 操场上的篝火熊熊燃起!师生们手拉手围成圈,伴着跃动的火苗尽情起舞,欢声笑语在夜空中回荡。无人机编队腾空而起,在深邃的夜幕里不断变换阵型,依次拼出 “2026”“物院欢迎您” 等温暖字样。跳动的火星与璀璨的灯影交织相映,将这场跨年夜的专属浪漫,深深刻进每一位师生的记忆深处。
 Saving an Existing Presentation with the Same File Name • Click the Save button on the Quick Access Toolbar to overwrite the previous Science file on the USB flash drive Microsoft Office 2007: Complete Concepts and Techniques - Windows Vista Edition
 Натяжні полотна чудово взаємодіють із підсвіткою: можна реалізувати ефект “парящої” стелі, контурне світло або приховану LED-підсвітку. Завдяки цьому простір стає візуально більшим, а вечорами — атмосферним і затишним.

*****

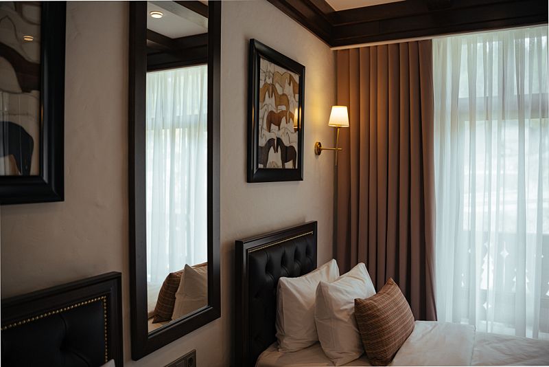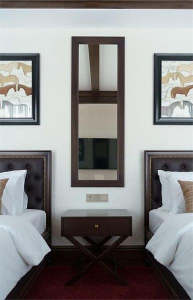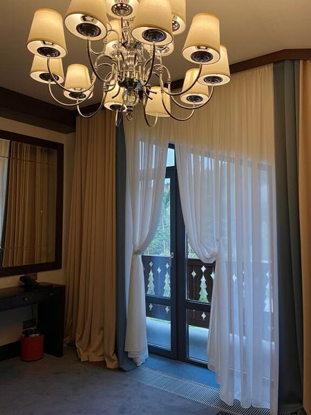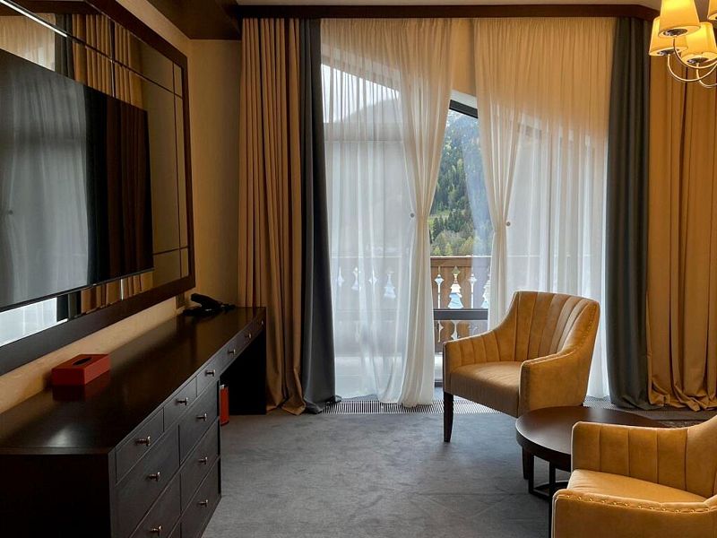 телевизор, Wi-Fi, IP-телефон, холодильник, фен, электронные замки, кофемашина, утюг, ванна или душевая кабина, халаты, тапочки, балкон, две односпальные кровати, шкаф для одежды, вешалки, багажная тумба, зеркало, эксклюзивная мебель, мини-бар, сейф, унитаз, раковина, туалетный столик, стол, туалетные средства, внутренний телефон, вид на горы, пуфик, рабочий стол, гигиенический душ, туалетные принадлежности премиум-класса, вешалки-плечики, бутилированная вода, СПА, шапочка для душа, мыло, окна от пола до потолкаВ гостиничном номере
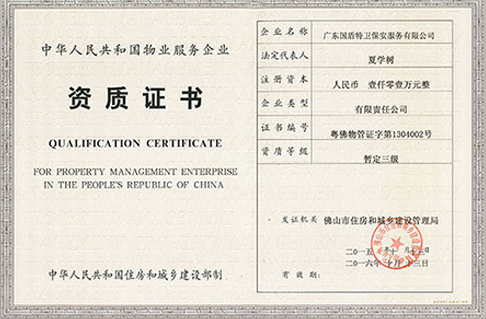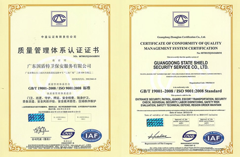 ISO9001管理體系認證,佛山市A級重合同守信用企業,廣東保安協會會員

*****

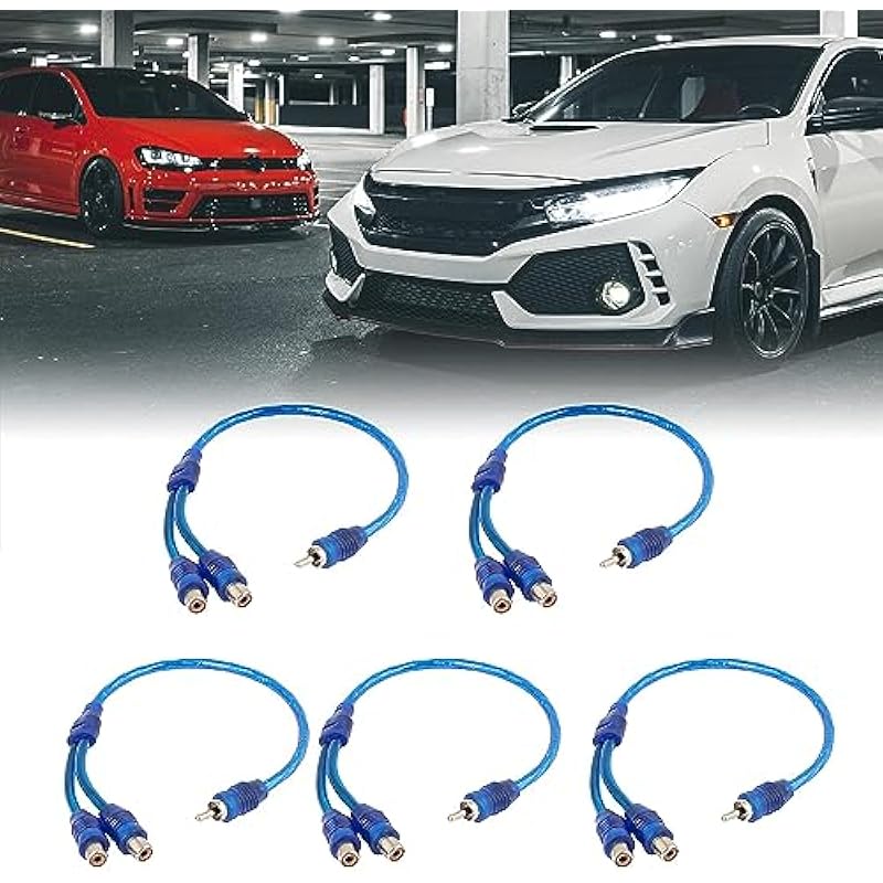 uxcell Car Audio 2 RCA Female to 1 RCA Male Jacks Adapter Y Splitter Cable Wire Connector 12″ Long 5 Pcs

*****

Task to carry out >> Your reply should hold nothing but the lines above, from the one containing "телевизор, Wi-Fi, IP-телефон, холодильник, фен, электронные" to the one containing "ISO9001管理體系認證,佛山市A級重合同守信用企業,廣東保安協會會員", reproduced exactly minus the pictures.

Result of the exercise >>
 телевизор, Wi-Fi, IP-телефон, холодильник, фен, электронные замки, кофемашина, утюг, ванна или душевая кабина, халаты, тапочки, балкон, две односпальные кровати, шкаф для одежды, вешалки, багажная тумба, зеркало, эксклюзивная мебель, мини-бар, сейф, унитаз, раковина, туалетный столик, стол, туалетные средства, внутренний телефон, вид на горы, пуфик, рабочий стол, гигиенический душ, туалетные принадлежности премиум-класса, вешалки-плечики, бутилированная вода, СПА, шапочка для душа, мыло, окна от пола до потолкаВ гостиничном номере
 ISO9001管理體系認證,佛山市A級重合同守信用企業,廣東保安協會會員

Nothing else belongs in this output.